Exercise objective
Write out the lines below exactly, beginning at the one with "据悉,《日月传奇》已经定了男" and stopping after the one with "The Report Cube"; the pictures are not copied.

Task material

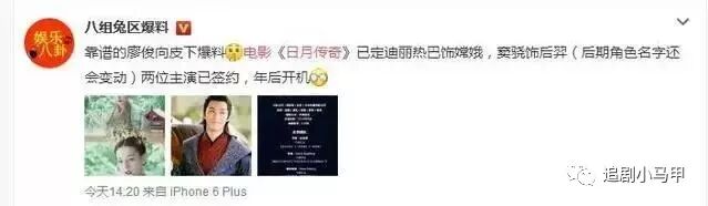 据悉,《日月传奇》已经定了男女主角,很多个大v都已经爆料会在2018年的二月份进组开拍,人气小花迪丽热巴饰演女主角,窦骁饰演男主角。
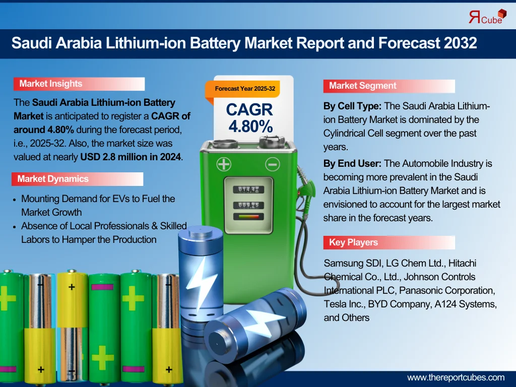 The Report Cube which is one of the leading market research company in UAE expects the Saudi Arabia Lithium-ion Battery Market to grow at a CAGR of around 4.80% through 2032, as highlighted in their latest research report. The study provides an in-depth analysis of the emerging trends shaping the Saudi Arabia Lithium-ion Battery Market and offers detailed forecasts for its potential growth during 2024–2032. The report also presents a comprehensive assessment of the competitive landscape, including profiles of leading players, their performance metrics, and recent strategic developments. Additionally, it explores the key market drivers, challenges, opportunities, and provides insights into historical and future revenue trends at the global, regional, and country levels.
---
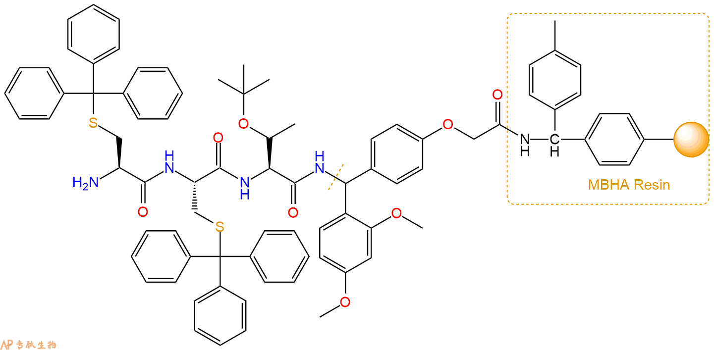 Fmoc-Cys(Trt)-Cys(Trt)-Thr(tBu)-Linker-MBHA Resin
* * *
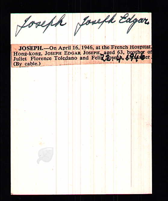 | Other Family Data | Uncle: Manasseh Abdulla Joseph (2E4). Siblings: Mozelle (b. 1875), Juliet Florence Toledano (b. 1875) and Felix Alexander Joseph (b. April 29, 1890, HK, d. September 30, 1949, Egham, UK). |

Reply
 据悉,《日月传奇》已经定了男女主角,很多个大v都已经爆料会在2018年的二月份进组开拍,人气小花迪丽热巴饰演女主角,窦骁饰演男主角。
 The Report Cube which is one of the leading market research company in UAE expects the Saudi Arabia Lithium-ion Battery Market to grow at a CAGR of around 4.80% through 2032, as highlighted in their latest research report. The study provides an in-depth analysis of the emerging trends shaping the Saudi Arabia Lithium-ion Battery Market and offers detailed forecasts for its potential growth during 2024–2032. The report also presents a comprehensive assessment of the competitive landscape, including profiles of leading players, their performance metrics, and recent strategic developments. Additionally, it explores the key market drivers, challenges, opportunities, and provides insights into historical and future revenue trends at the global, regional, and country levels.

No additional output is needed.